Adds early stopping to standard training based on validation loss. When enabled, the trainer monitors validation loss after each validation run and saves a lightweight checkpoint whenever a new minimum is reached. If loss doesn't improve for a configurable number of consecutive validation checks, training stops and the best checkpoint is restored as the final output model.

This mirrors the same pattern already used for DPO early stopping (accuracy-based), but operates on the general validation loss path in the General tab.

How It Works

Each validation run is a "tick." The trainer keeps a running minimum of the total average validation loss across all concepts. When loss improves, the counter resets and the current parameter state is saved to {workspace}/backup/patience-best.pt. When loss doesn't improve, the counter increments.

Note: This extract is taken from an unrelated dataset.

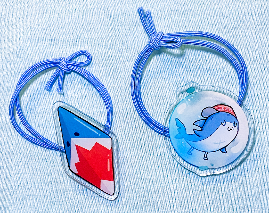 Gawr Gura hair tie set! <3 You have Bloop in a bubble, and Gura's own hair tie!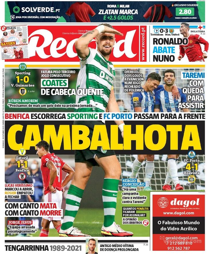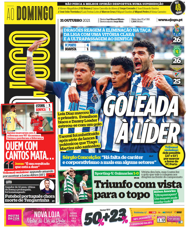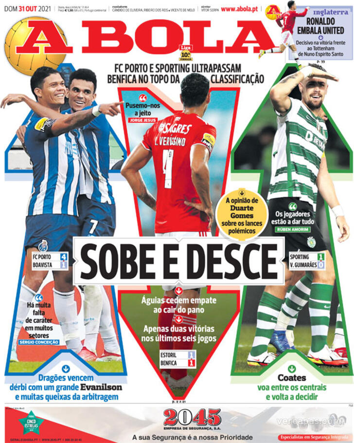 Estas são as capas dos jornais desportivos de 31 de Outubro de 2021.

Once the counter reaches the configured threshold (patience_epochs, default 5), training stops via commands.stop().

At the end of training, if a best checkpoint exists, the trainer restores those weights before saving the final model. The user gets the best-performing weights, not the last (potentially overfit) ones. The log output makes this explicit:

Patience triggered at step 280. Best checkpoint from step 180 (val_loss: 0.043200)
Restoring patience best checkpoint from step 180 (val_loss: 0.043200)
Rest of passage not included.